納骨を終えてひとりになると、涙が止まらなくなった

 話は父が死んでいるのが見つかったときのことに遡る。

 複数の仕事先への連絡、私が飼っている猫たちを預ける手配、飛行機での故郷への移動、警察署への遺体の引き取り、葬儀会社との打ち合わせ、通夜、そして葬儀、火葬、納骨。次々に訪れるto doリストがかろうじて私の理性を保っていた。

 しばらくは近所に住む叔母やいとこなど誰かが付き添ってくれていたが、納骨が終わって解散し、実家に戻るとぽつんと取り残された。

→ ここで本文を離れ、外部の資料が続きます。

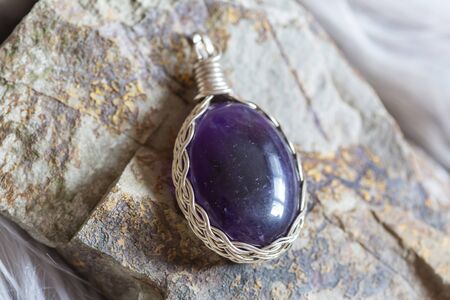 Crystal on linen fabric surface, mock-up for postcard or background for website and mobile devices. Gem colored in royal purple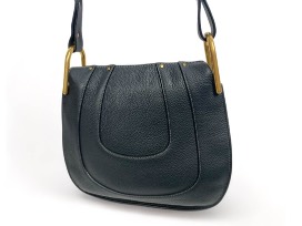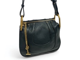 1Black Chloe Marcie Leather Shoulder Bag with Gold Toned Hardware and Zip Closure Top. 11" H X 12" W, shoulder strap drop 17".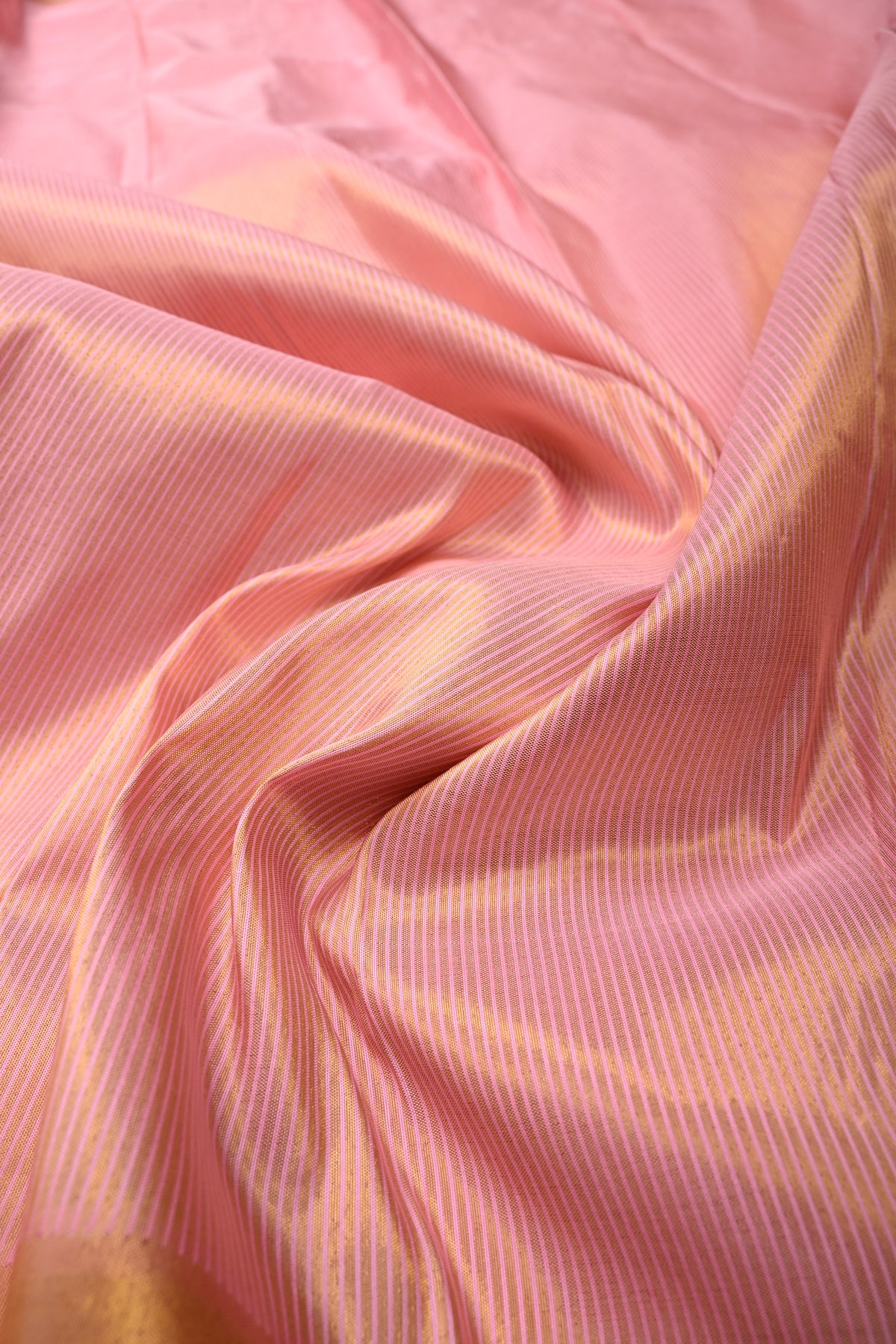 The soft pink shade exudes grace and femininity, while the classic single Muniya borders add subtle sophistication. The pallu features intricate peacock motifs, showcasing traditional artistry and adding a regal charm to the saree. Lightweight yet rich, this saree drapes beautifully, making it perfect for weddings, festive occasions, and cultural celebrations.

 どんどん夕暮れが近づいてくる。コトリとも音がしない。電気をつける人もいないし、台所で食事の準備をする母の姿もなければ、つい1週間前までそこに座っていた父の椅子の前に、新聞やコーヒーカップや眼鏡や時計がそのまま置かれていることにようやく気が付いた。コーヒーは飲みさしだった。

 ああ、私はこの家にひとりになったんだ。

 初めて私の目から涙があふれ、次第にそれは止まらなくなった。自分がこんなふうに、ほえるように泣くなんてこれまで経験したことがなかった。

 悲しさ、不安、恐怖、自責。そして「高齢の親は死んで当たり前なのに、それくらいのことを受け止めきれないなんて」という恥の気持ちも大きかった。親が死んで悲しくて不安で号泣したなんて、誰にも言えないと思った。こんな涙なんて止まってしまえと自分に叫んだ。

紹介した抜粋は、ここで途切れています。